### TO DO
Although the listing contains pictures, reproduce only its text, exactly as written.

### COLLECTED MATERIAL
☆ ☆ ☆
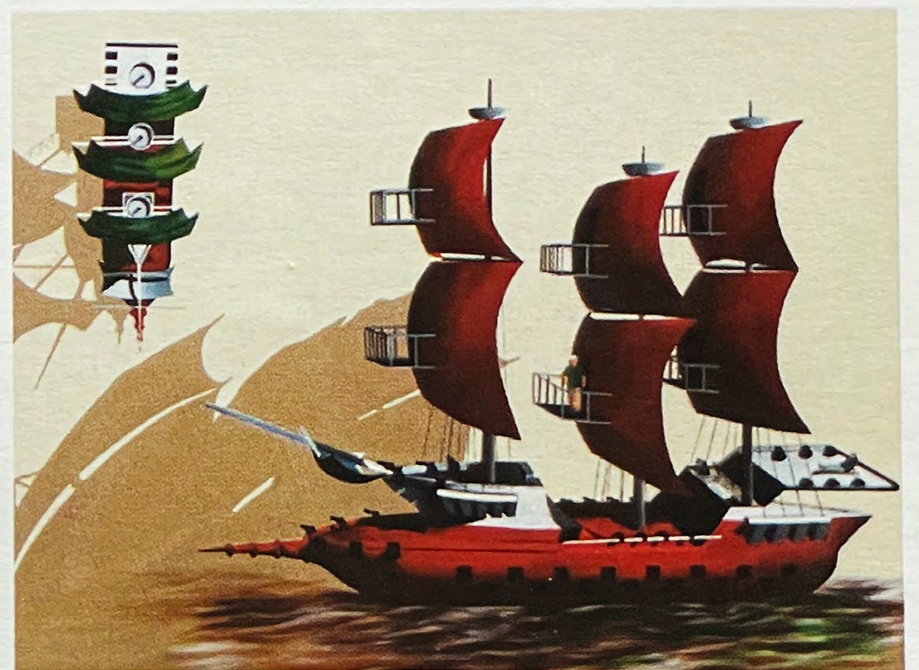
City on Water, Acrylic on Canvas, 4.5'x6'
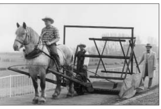
Fig. 1: The first working grain mower from Cyrus Hall McCormick

Since 1987, innovations in agricultural engineering which changed agriculture at their time or at least provided significant progress have been presented here. If one traces back the mechanization of agriculture along the milestones of agricultural engineering 25, 50, 75 years and longer ago, one will notice with astonishment that many ideas and proposed solutions are not as new as they seem.
☆ ☆ ☆
### SOLVED EXERCISE
City on Water, Acrylic on Canvas, 4.5'x6'
Fig. 1: The first working grain mower from Cyrus Hall McCormick

Since 1987, innovations in agricultural engineering which changed agriculture at their time or at least provided significant progress have been presented here. If one traces back the mechanization of agriculture along the milestones of agricultural engineering 25, 50, 75 years and longer ago, one will notice with astonishment that many ideas and proposed solutions are not as new as they seem.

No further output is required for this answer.